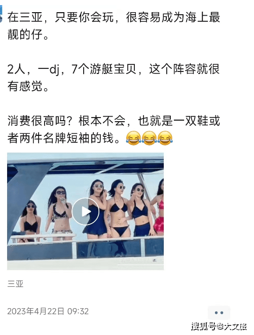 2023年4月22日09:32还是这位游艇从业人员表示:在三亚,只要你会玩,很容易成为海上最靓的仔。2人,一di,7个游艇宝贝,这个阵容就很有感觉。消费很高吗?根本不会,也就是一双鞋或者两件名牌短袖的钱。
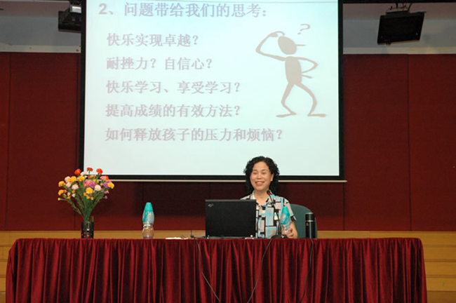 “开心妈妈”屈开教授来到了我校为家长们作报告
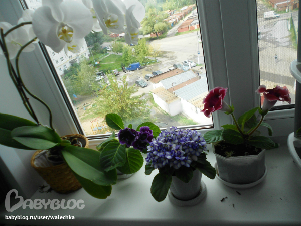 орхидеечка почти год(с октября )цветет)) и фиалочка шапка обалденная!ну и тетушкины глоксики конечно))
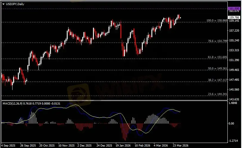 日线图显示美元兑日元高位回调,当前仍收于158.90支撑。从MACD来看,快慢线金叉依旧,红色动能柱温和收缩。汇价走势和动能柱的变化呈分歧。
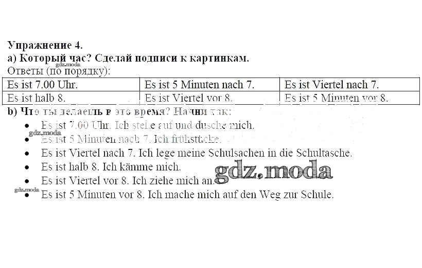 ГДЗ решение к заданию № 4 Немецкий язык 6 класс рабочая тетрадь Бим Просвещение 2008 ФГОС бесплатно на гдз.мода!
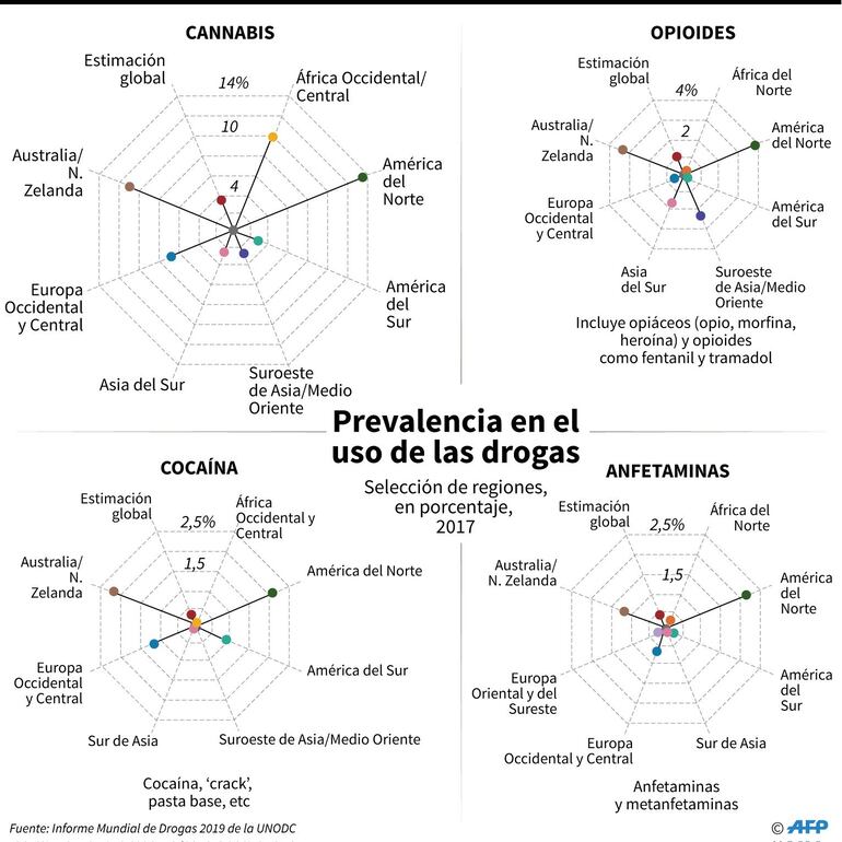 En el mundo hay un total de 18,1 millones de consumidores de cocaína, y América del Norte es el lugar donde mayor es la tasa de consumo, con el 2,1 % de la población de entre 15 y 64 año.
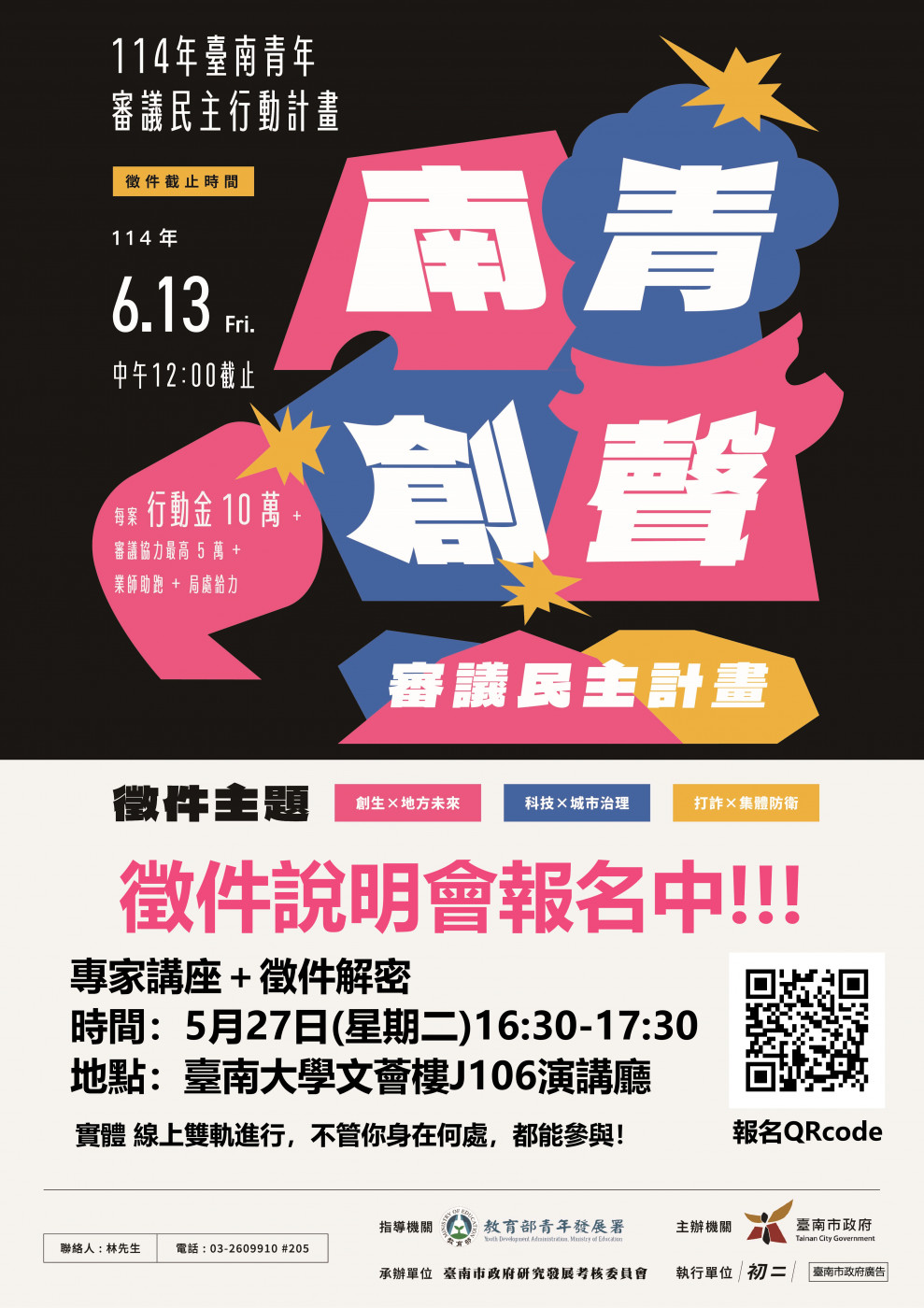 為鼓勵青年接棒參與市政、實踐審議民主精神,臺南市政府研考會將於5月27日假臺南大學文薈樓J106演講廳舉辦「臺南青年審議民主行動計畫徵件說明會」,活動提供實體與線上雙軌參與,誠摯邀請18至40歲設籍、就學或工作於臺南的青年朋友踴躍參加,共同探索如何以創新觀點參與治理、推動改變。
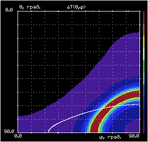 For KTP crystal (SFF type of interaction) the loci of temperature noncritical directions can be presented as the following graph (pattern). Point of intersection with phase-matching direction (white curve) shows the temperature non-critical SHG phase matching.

------------------------

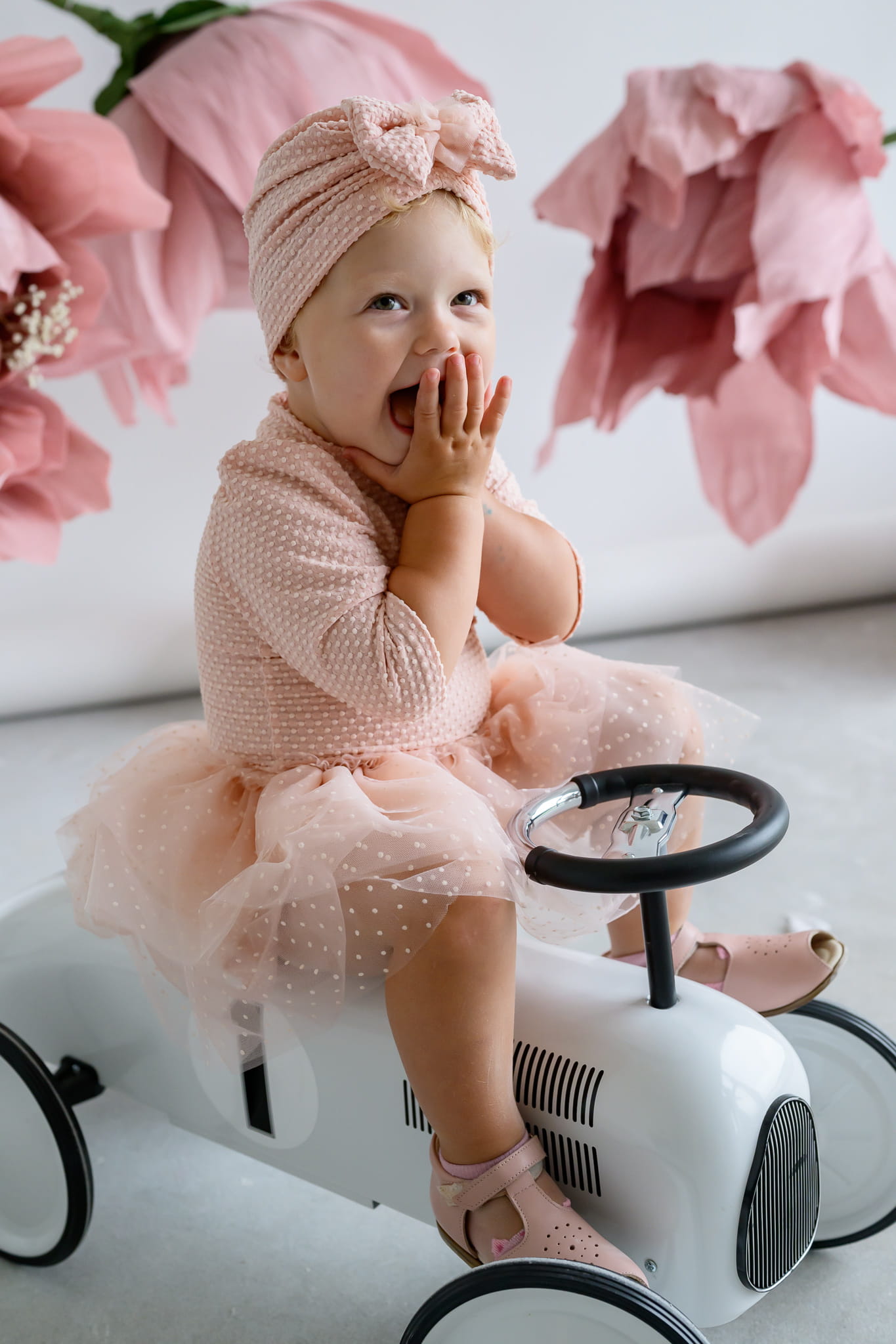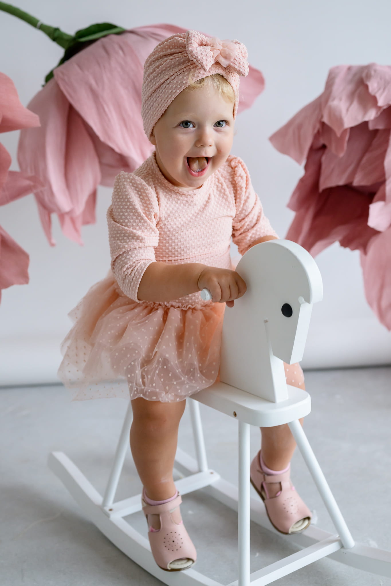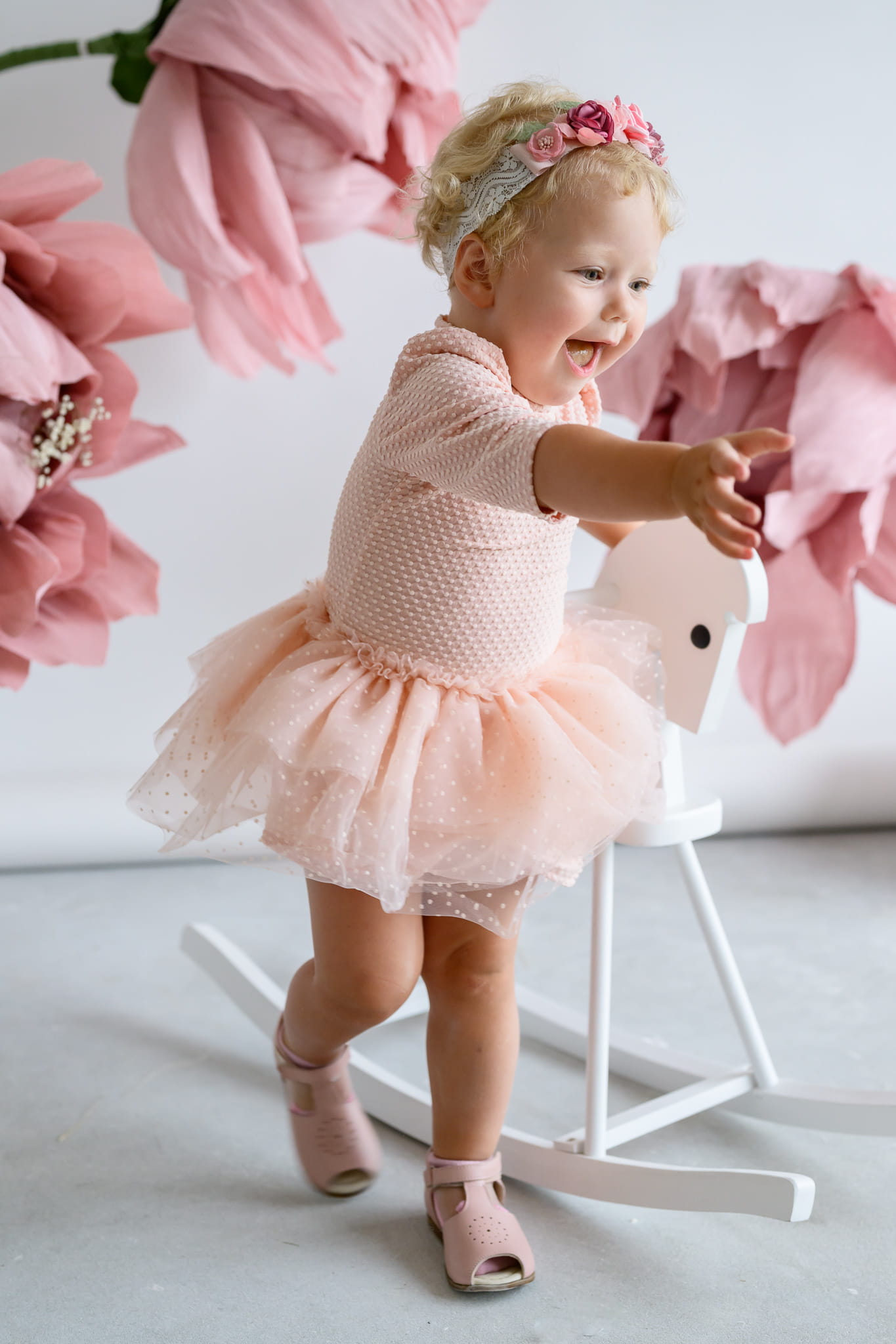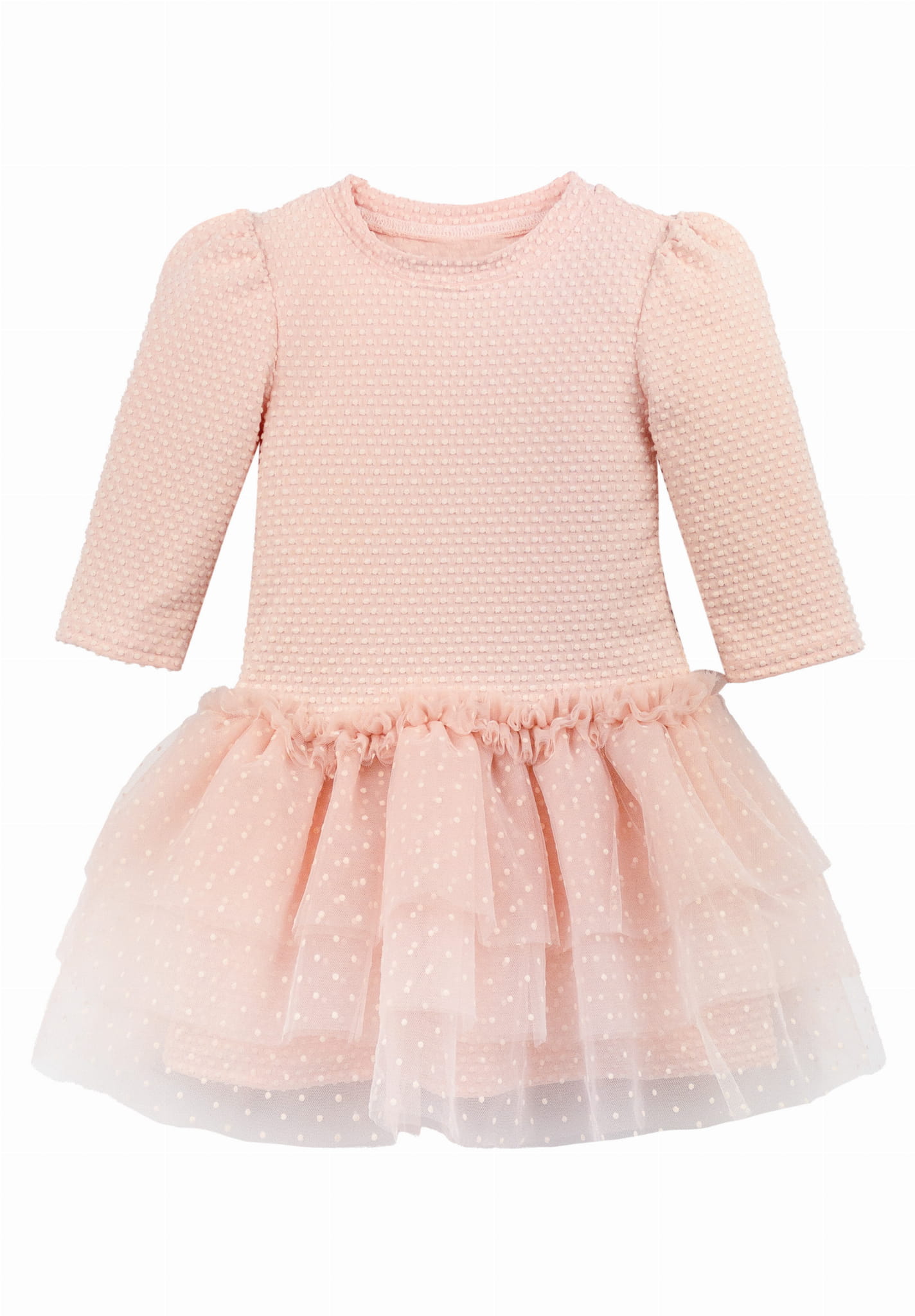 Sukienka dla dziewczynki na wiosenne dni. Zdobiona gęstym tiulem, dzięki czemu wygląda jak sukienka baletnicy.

------------------------

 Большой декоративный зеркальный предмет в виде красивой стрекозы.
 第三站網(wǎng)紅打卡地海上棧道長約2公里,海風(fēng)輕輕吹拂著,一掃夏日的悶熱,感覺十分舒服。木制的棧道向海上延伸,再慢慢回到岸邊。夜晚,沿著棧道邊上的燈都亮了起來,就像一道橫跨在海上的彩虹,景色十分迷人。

------------------------

Look through the material above and print exactly the lines from the one containing "Большой декоративный зеркальный" to the one containing "第三站網(wǎng)紅打卡地", both included, and nothing more.

* **OUTPUT FOR THIS EXERCISE**:
 Большой декоративный зеркальный предмет в виде красивой стрекозы.
 第三站網(wǎng)紅打卡地海上棧道長約2公里,海風(fēng)輕輕吹拂著,一掃夏日的悶熱,感覺十分舒服。木制的棧道向海上延伸,再慢慢回到岸邊。夜晚,沿著棧道邊上的燈都亮了起來,就像一道橫跨在海上的彩虹,景色十分迷人。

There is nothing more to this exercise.